--- Directions for this task ---
Copy everything in the records exactly; the pictures stay out.

"""

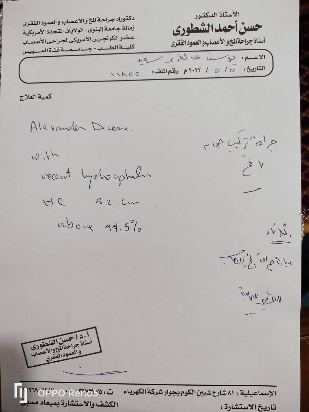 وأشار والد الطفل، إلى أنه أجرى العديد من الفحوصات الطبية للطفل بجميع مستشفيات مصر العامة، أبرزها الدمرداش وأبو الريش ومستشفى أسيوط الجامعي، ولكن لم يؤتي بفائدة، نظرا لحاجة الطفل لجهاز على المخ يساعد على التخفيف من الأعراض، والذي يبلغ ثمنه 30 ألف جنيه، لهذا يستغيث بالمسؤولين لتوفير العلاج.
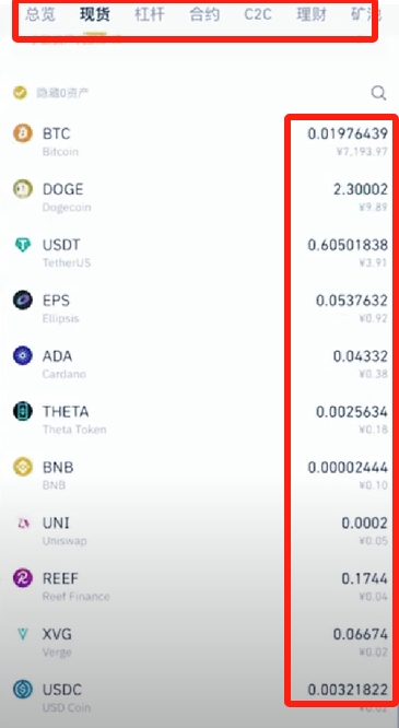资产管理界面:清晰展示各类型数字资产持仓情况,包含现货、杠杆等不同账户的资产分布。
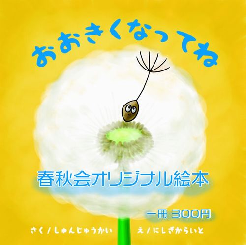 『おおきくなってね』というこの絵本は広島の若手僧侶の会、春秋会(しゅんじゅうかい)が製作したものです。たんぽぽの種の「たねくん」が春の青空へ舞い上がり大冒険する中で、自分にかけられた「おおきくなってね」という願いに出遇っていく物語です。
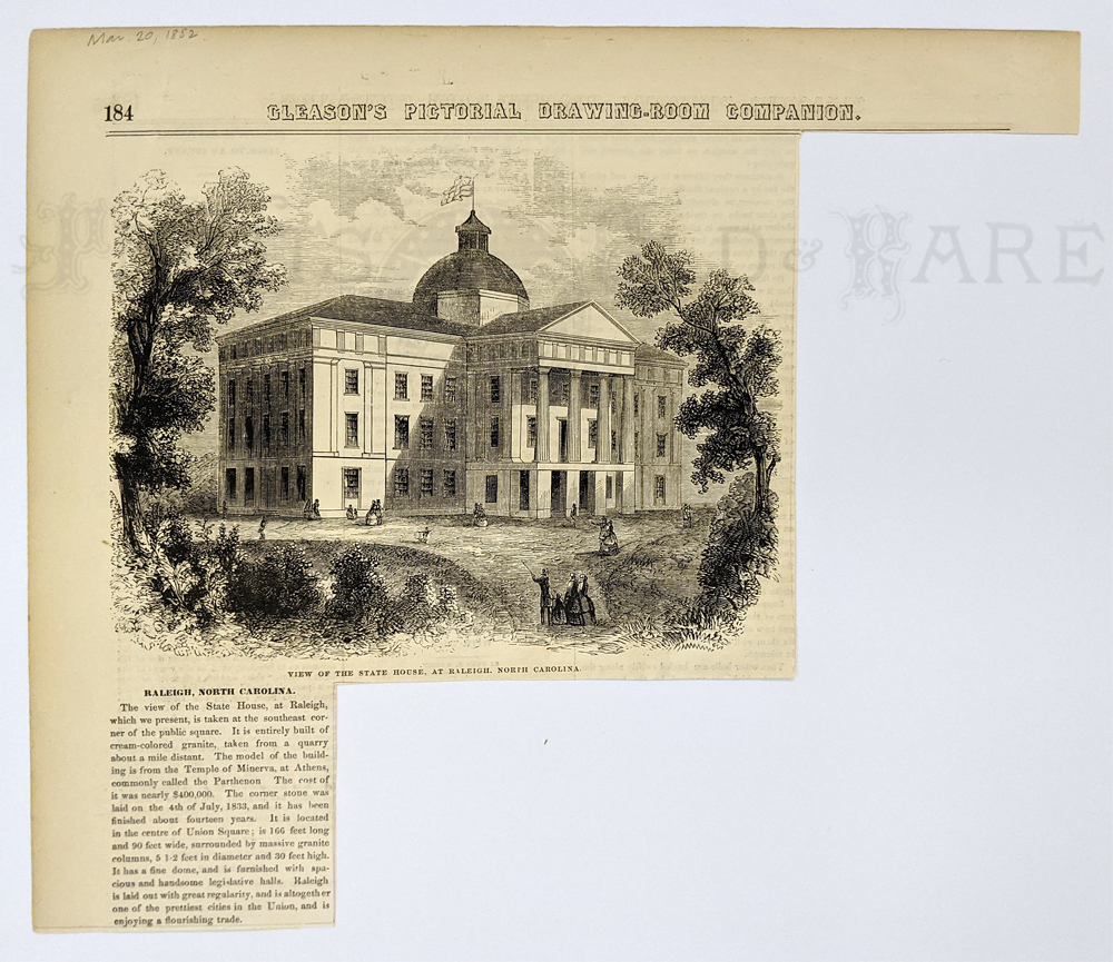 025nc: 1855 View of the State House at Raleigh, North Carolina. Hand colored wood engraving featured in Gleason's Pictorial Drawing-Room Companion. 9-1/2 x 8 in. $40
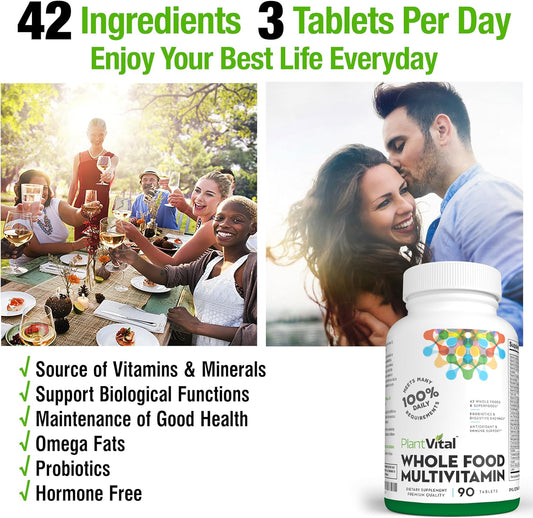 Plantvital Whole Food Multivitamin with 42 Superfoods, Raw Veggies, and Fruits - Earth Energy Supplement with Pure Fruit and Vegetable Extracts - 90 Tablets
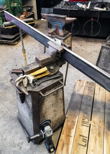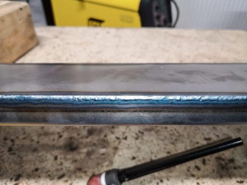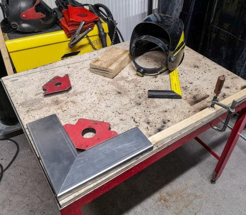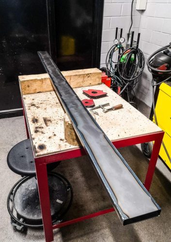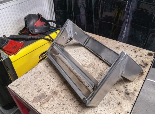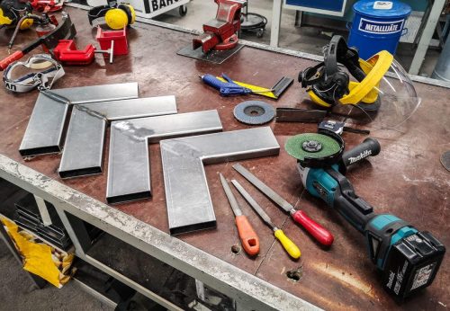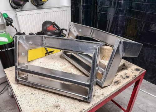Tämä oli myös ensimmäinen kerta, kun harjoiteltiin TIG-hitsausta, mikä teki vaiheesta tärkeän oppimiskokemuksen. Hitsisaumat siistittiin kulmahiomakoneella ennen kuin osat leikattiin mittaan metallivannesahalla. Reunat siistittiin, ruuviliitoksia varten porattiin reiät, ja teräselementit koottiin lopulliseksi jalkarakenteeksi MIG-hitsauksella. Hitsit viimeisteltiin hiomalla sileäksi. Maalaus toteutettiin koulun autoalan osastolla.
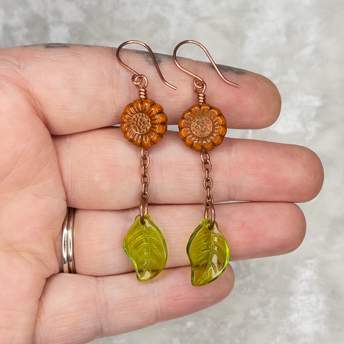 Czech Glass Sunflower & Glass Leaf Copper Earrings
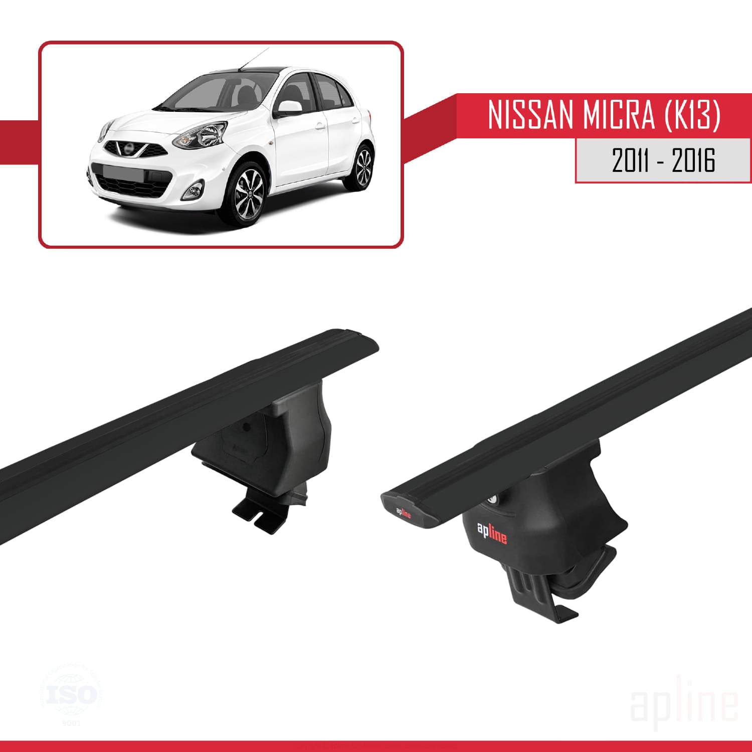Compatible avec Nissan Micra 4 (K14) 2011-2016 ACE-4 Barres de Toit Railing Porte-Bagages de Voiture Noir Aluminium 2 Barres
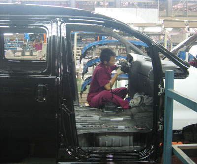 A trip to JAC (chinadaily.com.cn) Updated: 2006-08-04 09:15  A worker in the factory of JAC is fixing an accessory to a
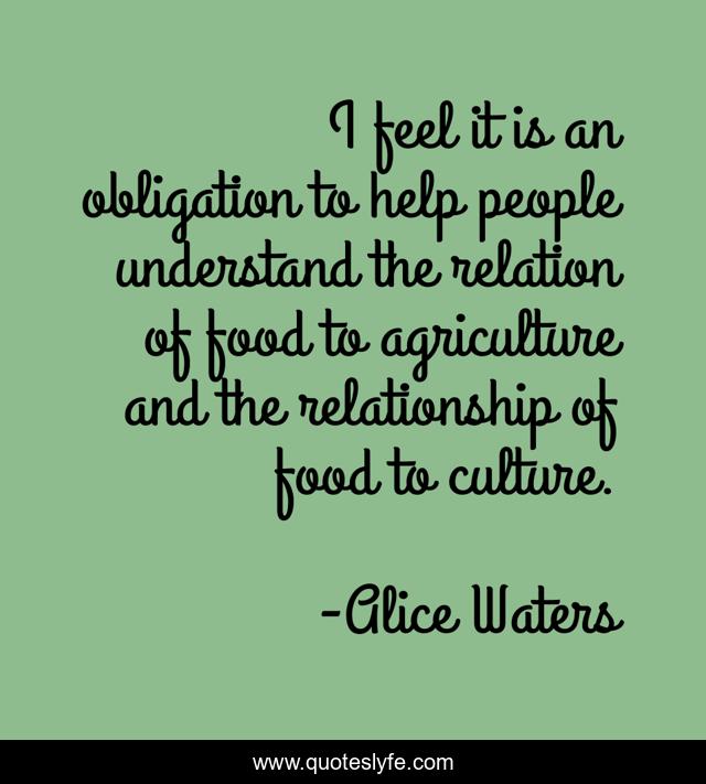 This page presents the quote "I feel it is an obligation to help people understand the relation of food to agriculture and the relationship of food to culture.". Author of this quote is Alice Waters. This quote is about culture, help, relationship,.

"""

--- Task answer ---
 وأشار والد الطفل، إلى أنه أجرى العديد من الفحوصات الطبية للطفل بجميع مستشفيات مصر العامة، أبرزها الدمرداش وأبو الريش ومستشفى أسيوط الجامعي، ولكن لم يؤتي بفائدة، نظرا لحاجة الطفل لجهاز على المخ يساعد على التخفيف من الأعراض، والذي يبلغ ثمنه 30 ألف جنيه، لهذا يستغيث بالمسؤولين لتوفير العلاج.
资产管理界面:清晰展示各类型数字资产持仓情况,包含现货、杠杆等不同账户的资产分布。
 『おおきくなってね』というこの絵本は広島の若手僧侶の会、春秋会(しゅんじゅうかい)が製作したものです。たんぽぽの種の「たねくん」が春の青空へ舞い上がり大冒険する中で、自分にかけられた「おおきくなってね」という願いに出遇っていく物語です。
 025nc: 1855 View of the State House at Raleigh, North Carolina. Hand colored wood engraving featured in Gleason's Pictorial Drawing-Room Companion. 9-1/2 x 8 in. $40
 Plantvital Whole Food Multivitamin with 42 Superfoods, Raw Veggies, and Fruits - Earth Energy Supplement with Pure Fruit and Vegetable Extracts - 90 Tablets
Tämä oli myös ensimmäinen kerta, kun harjoiteltiin TIG-hitsausta, mikä teki vaiheesta tärkeän oppimiskokemuksen. Hitsisaumat siistittiin kulmahiomakoneella ennen kuin osat leikattiin mittaan metallivannesahalla. Reunat siistittiin, ruuviliitoksia varten porattiin reiät, ja teräselementit koottiin lopulliseksi jalkarakenteeksi MIG-hitsauksella. Hitsit viimeisteltiin hiomalla sileäksi. Maalaus toteutettiin koulun autoalan osastolla.
 Czech Glass Sunflower & Glass Leaf Copper Earrings
Compatible avec Nissan Micra 4 (K14) 2011-2016 ACE-4 Barres de Toit Railing Porte-Bagages de Voiture Noir Aluminium 2 Barres
 A trip to JAC (chinadaily.com.cn) Updated: 2006-08-04 09:15  A worker in the factory of JAC is fixing an accessory to a
 This page presents the quote "I feel it is an obligation to help people understand the relation of food to agriculture and the relationship of food to culture.". Author of this quote is Alice Waters. This quote is about culture, help, relationship,.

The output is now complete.